Including the gaming business in the keynote illustrates AMD’s tension between its future and past. Of AMD’s four business segments, gaming has no clear AI strategy or offerings articulated yet. (There are use cases for LLMs to improve gaming, but AMD hasn’t discussed any yet.)
As I mention in Rethinking AMD,
The vibe I get from AMD’s current approach is “one foot in the future, one foot in the past”, which comes across in their public communications too.
I’m still getting that vibe.
Fact-Checking Lisa’s Portfolio Claims
Finally, how does Lisa’s broad portfolio claim hold up?
Does AMD actually have a broad AI compute portfolio, or is that just lip service?
If we look at their compute engines across the cloud and the edge, AMD currently has the broadest AI compute portfolio.
In a future where GPU stockpiling settles down and enterprises shift to TCO and power optimization across the data center, AMD is well-positioned with their EPYC CPUs and Instinct GPUs.
As we’ll discuss later, they are well-positioned at the edge with their newly announced Copilot+ PCs. AMD’s only edge gap is the lack of smartphones and hands-free form factors, where they currently choose not to compete. From Qualcomm’s Opportunity,
I’ve been noodling on a weakness of AMD’s AI portfolio, namely the lack of AI hardware for consumer devices.
Sure, laptops will always have a slice of the consumer market. But a significant share of inference will occur on smartphones, increasingly with hands-free devices like glasses (e.g., Meta’s Ray-Bans), headphones, smart speakers, and more.
AMD’s current portfolio is not positioned to ride the incoming consumer inference wave.
Competition
Nvidia is, of course, all about those GPUs.
That said, they do have the Grace CPU Superchip, a high-performance CPU server offering.
If datacenter workload mix continues to spread across traditional and accelerated compute, and Lisa’s cost and power optimization future comes true, Nvidia could use more diversity in its CPU server portfolio offerings.
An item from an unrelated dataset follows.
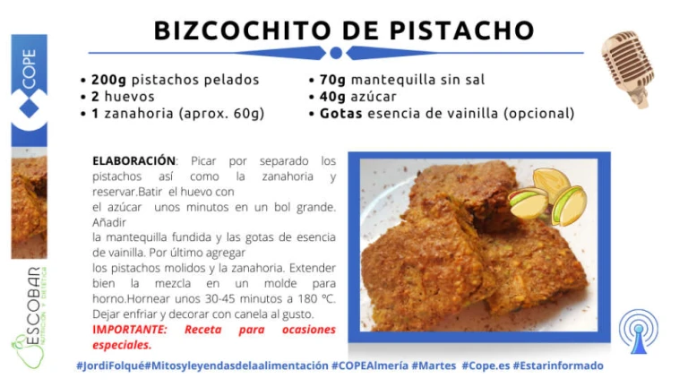 Nuestra nutricionista nos habla hoy del pistacho. Un fruto seco muy recomendable. La receta de hoy es un 'capricho'.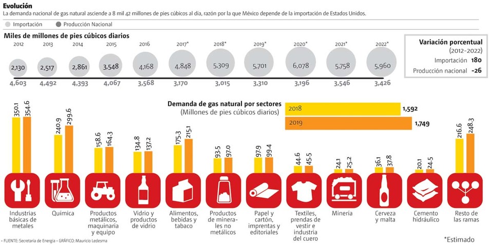 Las cifras muestran que México tiene un gran dependencia energética del gas natural de Estados Unidos, mientras que la producción nacional del energético a cargo de Petróleos Mexicanos alcanzó 5 mil 15 millones de pies cúbicos diarios, cuando la demanda nacional asciende a 8 mil 42 millones de pies cúbicos al día.

They could quickly fill out their CPU server portfolio by acquiring Ampere. Sure, Nvidia and ARM could build anything, but this would be a speed to market play. Of course, there are many counterarguments why Nvidia would never opt for a CPU-only server offering, including the space being competitive and arguably commoditized.
Intel matched AMD’s breadth, although they are spinning out Altera, so FPGA offerings are moving away from the Intel Product group.
Can AMD’s EPYC and Instinct beat out Intel in a modular data center future? If early innings matter, AMD’s MI300 customers include Meta and Microsoft, whereas Intel’s Gaudi customers include OEMs like Dell and enterprises like Bosch and IBM.
My hot take is that the market is interested in AMD, whereas Intel is interested in the market. Said another way: customer pull (AMD) vs customer push (Intel).
Qualcomm will clearly compete with AMD in Copilot+ laptops from now on.
Qualcomm isn’t positioned to participate in a modular data center future. They have an AI accelerator called Cloud AI 100, but like Intel’s Gaudi, it’s unclear how many enterprises are using it.
Now What?
If Lisa is right, this is a marathon and not a sprint. I guess we sit back and enjoy the show!